Link Trainer History

In the late 20's Edwin A. Link learned to fly while working for his father, who manufactured organs and pianos. Flying lessons were espensive, so Edwin designed a ground trainer that used an electric pump and organ bellows to produce movement that simulated actual climbs, dives, rolls, and even spins as the student moved the controls, and in 1931, got a patent on it.

There was limited interest in his pilot trainer, so most of his sales were to amusement parks. Then politics and disaster combined to produce what became known as "The Airmail Scandal", and opportunity for Edwin Link.

The McNary-Watres Act of 1930 listed promotion of commercial aviation as one of its goals. It gave the Postmaster General authority to change air routes "when in his judgement the public interest would be promoted thereby". Postmaster General Walter Brown studied the US air transport system, and finding it a mess, called the major airlines in and dictated new consolidated routes and airmail contracts. Airlines carrying mail but no passengers were not considered. The meeting was later called the "Spoils Conference" by political opponents. Shortly after President Franklin D. Roosevelt took office in 1934, democrat Senator Hugo Black held hearings. No wrong-doing was found, but Black convinced Roosevelt the airlines were run by crooks who got their airmail contracts by illicit means, in spite of the fact that Postmaster Brown had dictated both routes and contracts.

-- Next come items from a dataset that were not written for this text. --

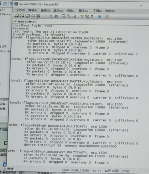 二、问题描述:VMS-B230设备因为取消聚合或者其他异常操作导致地址不通,串口连接输入ifconfig看所有网口都没有地址。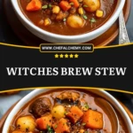 Serve Witches Brew Stew in rustic bowls with crusty bread or over mashed potatoes for extra comfort. For storing, cool completely and refrigerate in airtight containers for up to 4 days. It also freezes beautifully — just thaw and reheat gently on the stovetop.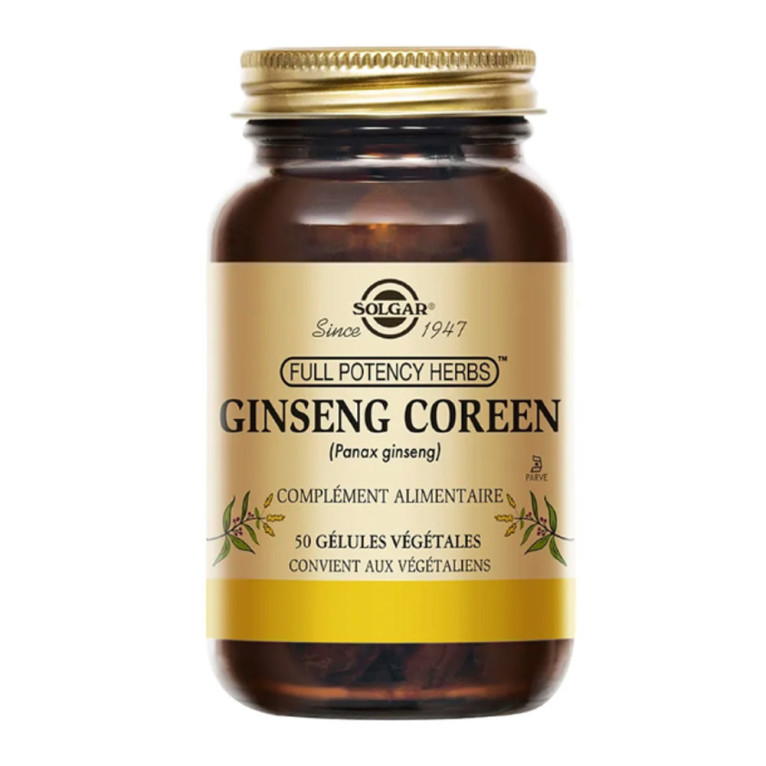 GINSENG CORÉEN de SOLGAR à prix discount, la qualité SOLGAR en gélules dans votre parapharmacie en ligne à prix discount, le complément alimentaire composé de Ginseng Coréen qui aide à soutenir la vitalité et à se sentir plus énergique.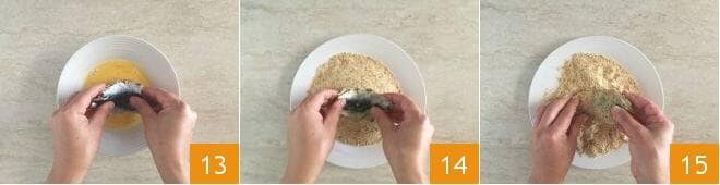 Pasad las sardinas primero por el huevo 13, luego por el pan rallado 14, cuando las paséis por el pan, presionad ligeramente para que se adhiera mejor 15.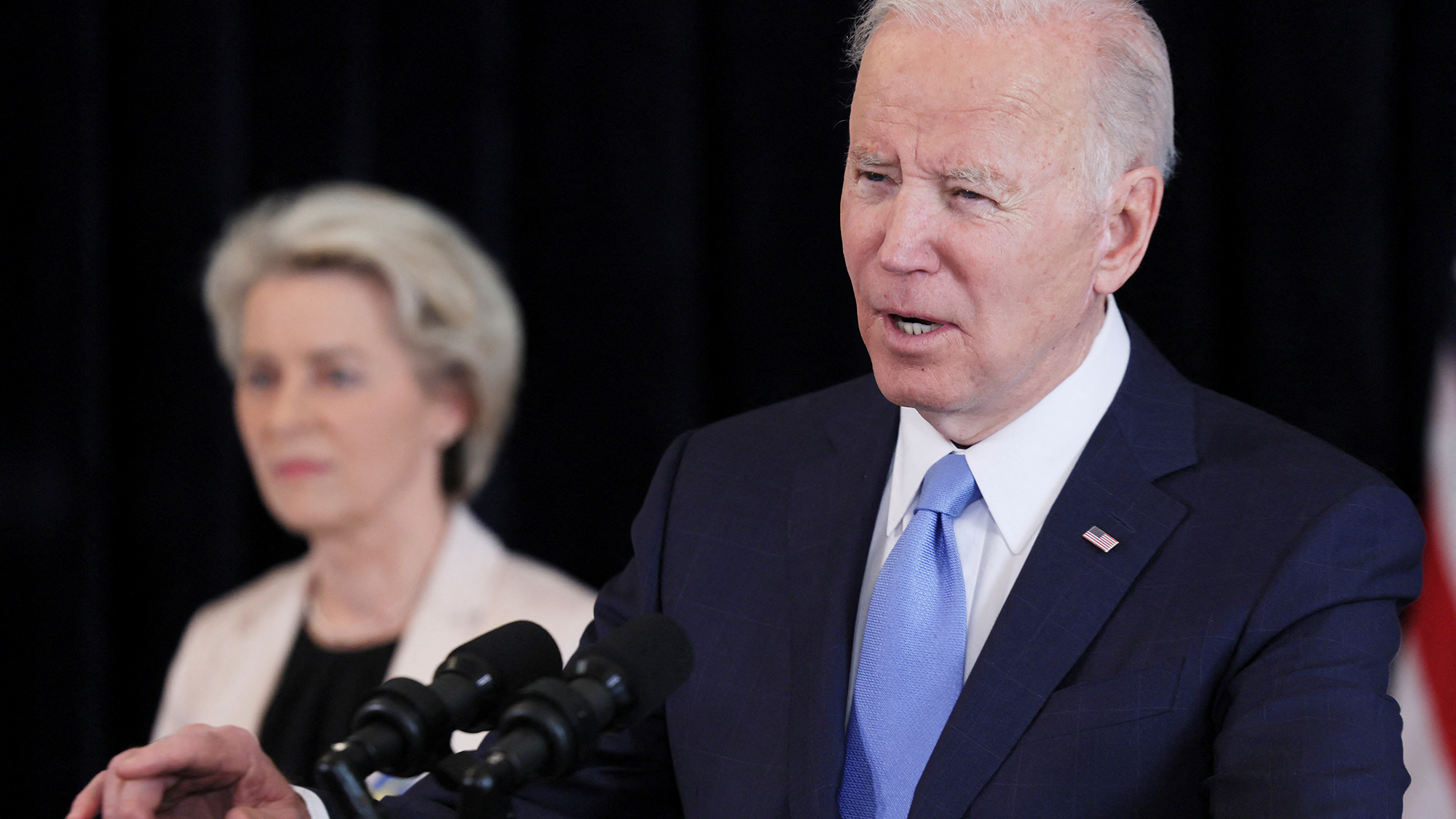 Image: U.S. President Joe Biden gives a joint press statement with European Commission President Ursula von der Leyen at the U.S. Mission in Brussels, Belgium March 25, 2022. Photo via REUTERS/Evelyn Hockstein

On February 9th, 1934, less than a month into his presidency, FDR canceled all airmail contracts, and turned airmail delivery over to the Army Air Corps. Unfortunately, Army pilots had little experience flying on a schedule, in bad weather, at night, over unfamiliar terrain, and were using army fighters and bombers, some of which lacked navigation instruments and aids which airline pilots took for granted.

The results were catastrophic. In just the first week, five Army pilots were killed, six injured, and eight planes destroyed. By the end of March, another seven pilots were dead. In less than two months, a total of twelve pilots were killed in 66 accidents. A later report found it cost the Army $2.21 per mile to deliver the mail, and the civilian cost just before Roosevelt's wholesale canellation of the airmail contracts, was just under 43 cents per mile, about five times cheaper.

Denounced in the press and by aviation celebrities Eddie Rickenbacker, Charles Lindbergh, and Will Rogers, Roosevelt rushed to return airmail to private carriers, but under new rules. Unfortunately, Senator Black wrote those rules, and would have destroyed the entire U.S. air transportation system, if Postmaster General Brown had not suggested renaming the affected airline companies. Sadly, Bill Boeing's United Aircraft and Transport was broken up, and Bill Boeing retired in disillusionment over his shabby treatment, and left the aircraft industry forever.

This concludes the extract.